- **SUPPLIED RECORDS**
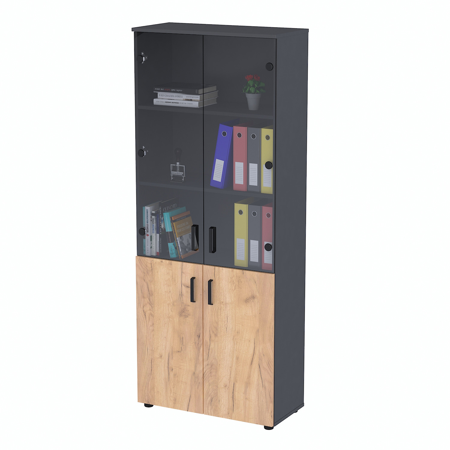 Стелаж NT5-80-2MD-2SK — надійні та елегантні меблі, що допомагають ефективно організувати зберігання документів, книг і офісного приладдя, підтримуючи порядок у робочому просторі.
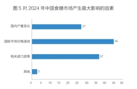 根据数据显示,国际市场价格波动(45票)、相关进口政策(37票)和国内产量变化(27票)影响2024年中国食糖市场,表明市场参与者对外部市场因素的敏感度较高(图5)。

...

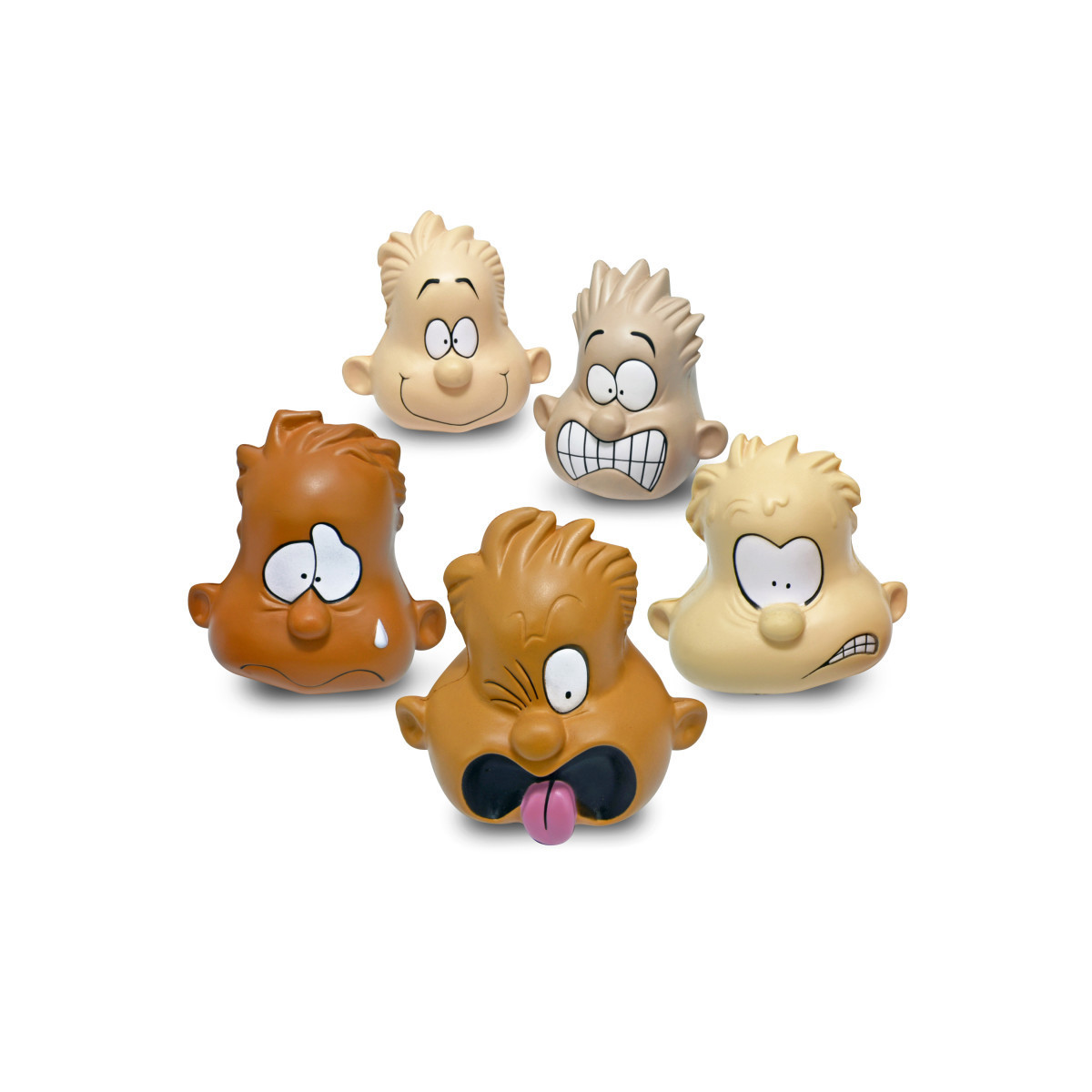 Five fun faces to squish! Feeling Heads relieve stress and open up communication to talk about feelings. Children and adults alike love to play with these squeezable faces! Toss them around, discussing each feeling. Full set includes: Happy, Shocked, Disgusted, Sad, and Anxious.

==

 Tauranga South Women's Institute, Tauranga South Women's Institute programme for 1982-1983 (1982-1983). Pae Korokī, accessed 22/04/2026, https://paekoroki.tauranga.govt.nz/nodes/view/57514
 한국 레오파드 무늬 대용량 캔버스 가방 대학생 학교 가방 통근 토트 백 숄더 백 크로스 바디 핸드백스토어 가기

- **TASK DESCRIPTION**
What you return from the records above should be exactly everything from the line with "Стелаж NT5-80-2MD-2SK —" down to the line with "根据数据显示,国际市场价格波", both kept, and no pictures.

- **TASK RESULT**
 Стелаж NT5-80-2MD-2SK — надійні та елегантні меблі, що допомагають ефективно організувати зберігання документів, книг і офісного приладдя, підтримуючи порядок у робочому просторі.
 根据数据显示,国际市场价格波动(45票)、相关进口政策(37票)和国内产量变化(27票)影响2024年中国食糖市场,表明市场参与者对外部市场因素的敏感度较高(图5)。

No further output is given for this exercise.